Scan the records below for the line containing "This Ultratech Hellhound" and the line containing "Este simples e". Copy both, plus every line between, exactly.

◆ SOURCE MATERIAL ◆
-- Opening Marker --

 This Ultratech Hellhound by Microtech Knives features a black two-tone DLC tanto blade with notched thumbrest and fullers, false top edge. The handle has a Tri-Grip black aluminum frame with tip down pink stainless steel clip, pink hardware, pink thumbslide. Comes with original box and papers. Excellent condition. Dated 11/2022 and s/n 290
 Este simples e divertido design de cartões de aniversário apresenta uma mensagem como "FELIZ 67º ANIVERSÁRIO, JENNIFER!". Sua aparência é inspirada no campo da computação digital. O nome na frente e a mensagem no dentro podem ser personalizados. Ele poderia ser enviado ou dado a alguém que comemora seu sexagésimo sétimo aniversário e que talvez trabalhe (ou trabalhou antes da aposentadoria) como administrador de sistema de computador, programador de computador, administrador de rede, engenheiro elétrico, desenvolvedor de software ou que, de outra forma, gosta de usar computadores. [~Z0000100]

-- Closing Marker --
-- Opening Marker --

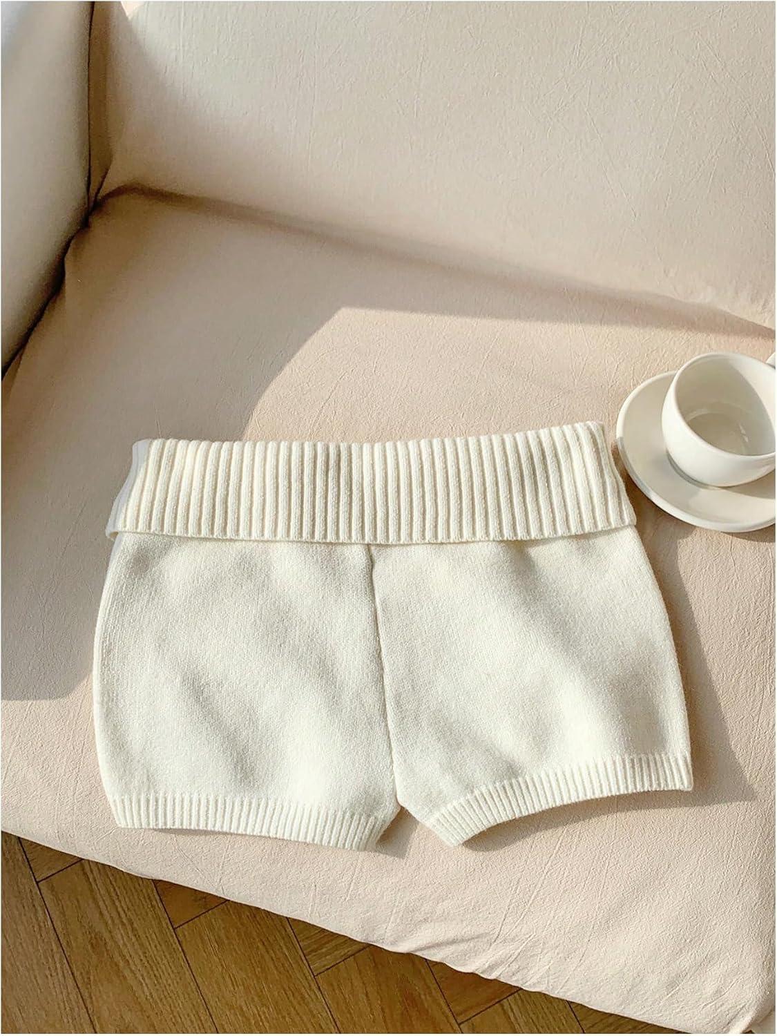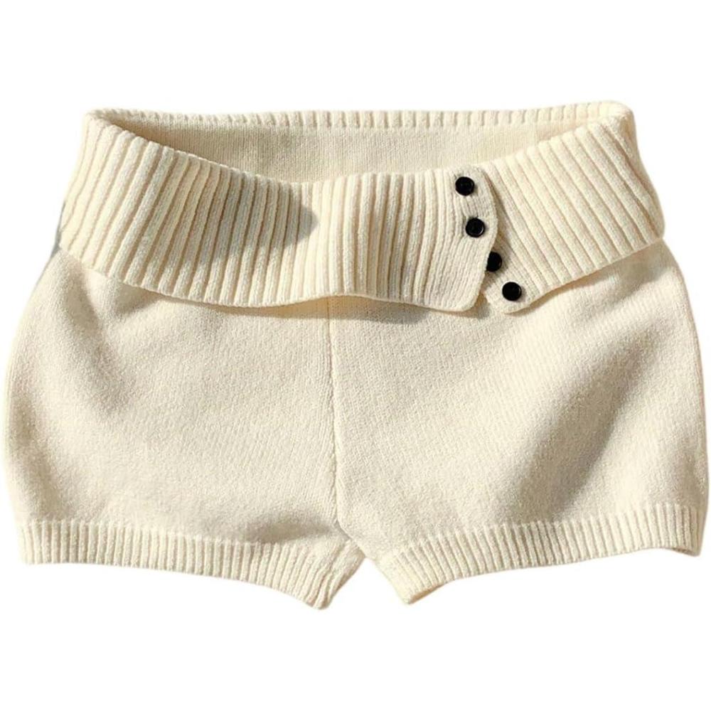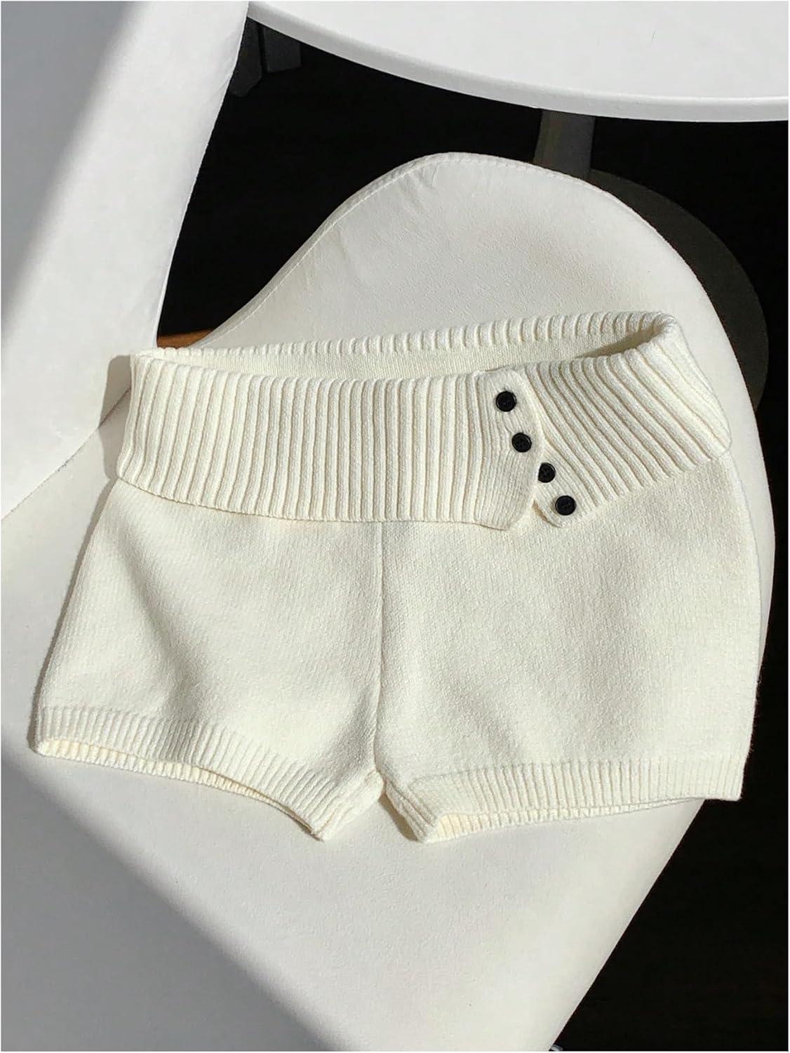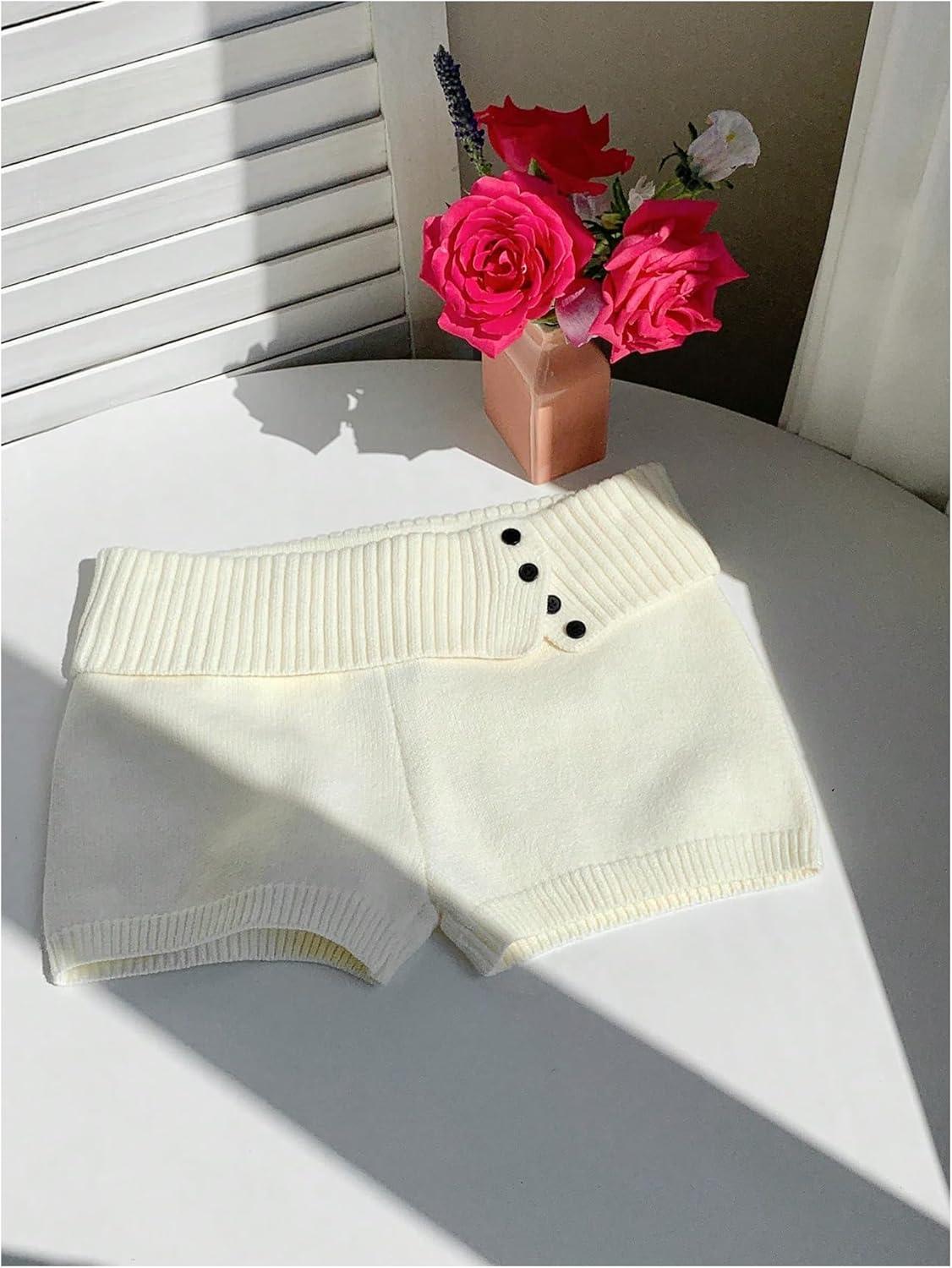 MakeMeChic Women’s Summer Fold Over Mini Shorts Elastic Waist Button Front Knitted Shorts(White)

-- Closing Marker --

◆ RESPONSE BELOW ◆
 This Ultratech Hellhound by Microtech Knives features a black two-tone DLC tanto blade with notched thumbrest and fullers, false top edge. The handle has a Tri-Grip black aluminum frame with tip down pink stainless steel clip, pink hardware, pink thumbslide. Comes with original box and papers. Excellent condition. Dated 11/2022 and s/n 290
 Este simples e divertido design de cartões de aniversário apresenta uma mensagem como "FELIZ 67º ANIVERSÁRIO, JENNIFER!". Sua aparência é inspirada no campo da computação digital. O nome na frente e a mensagem no dentro podem ser personalizados. Ele poderia ser enviado ou dado a alguém que comemora seu sexagésimo sétimo aniversário e que talvez trabalhe (ou trabalhou antes da aposentadoria) como administrador de sistema de computador, programador de computador, administrador de rede, engenheiro elétrico, desenvolvedor de software ou que, de outra forma, gosta de usar computadores. [~Z0000100]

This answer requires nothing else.